Demonstrated effectiveness on complex PES landscapes

Abstract

A central problem of materials science is to determine whether a hypothetical material is stable without being synthesized, which is mathematically equivalent to a global optimization problem on a highly non-linear and multi-modal potential energy surface (PES). This optimization problem poses multiple outstanding challenges, including the exceedingly high dimensionality of the PES and that PES must be constructed from a reliable, sophisticated, parameters-free, and thus, very expensive computational method, for which density functional theory (DFT) is an example. DFT is a quantum mechanics based method that can predict, among other things, the total potential energy of a given configuration of atoms. DFT, while accurate, is computationally expensive.
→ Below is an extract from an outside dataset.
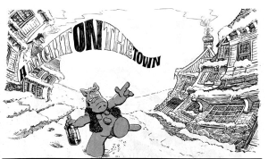 I skildringen av Fylla och Spritmissbruk – går Dave Sim långt… Självupplevt…?? Cerebus raglande, påverkar till synes hela staden runt honom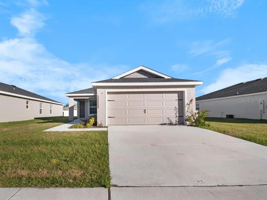 New construction home with 1,486 square feet on one-story including 3 bedrooms, 2 baths, and an open living area. Enjoy an open kitchen with Silestone countertops, Samsung stainless steel appliances, pantry, and a spacious island, fully open to the dining café and gathering room. The living area, laundry room, and baths include luxury wood vinyl plank flooring, with stain-resistant carpet in the bedrooms. Your owner's suite is complete with a walk-in wardrobe and a private en-suite bath with dual vanities, a tiled shower, and a closeted toilet. Plus, enjoy a covered lanai, 2-car garage, custom-fit window blinds, architectural shingles, energy-efficient insulation and windows, and a full builder warranty. Please note, virtual tour/photos showcases the home layout; colors and design options in actual home for sale may differ. Furnishings and decor do not convey."

In this work, we propose a novel expansion-exploration-exploitation framework to find the global minimum of the PES. Starting from a few atomic configurations, this ``known'' space is expanded to construct a big candidate set. The expansion begins in a non-adaptive manner, where new configurations are added without considering their potential energy. A novel feature of this step is that it tends to generate a space-filling design without the knowledge of the boundaries of the domain space. If needed, the non-adaptive expansion of the space of configurations is followed by adaptive expansion, where ``promising regions'' of the domain space (those with low energy configurations) are further expanded. Once a candidate set of configurations is obtained, it is simultaneously explored and exploited using Bayesian optimization to find the global minimum. The methodology is demonstrated using a problem of finding the most stable crystal structure of Aluminum.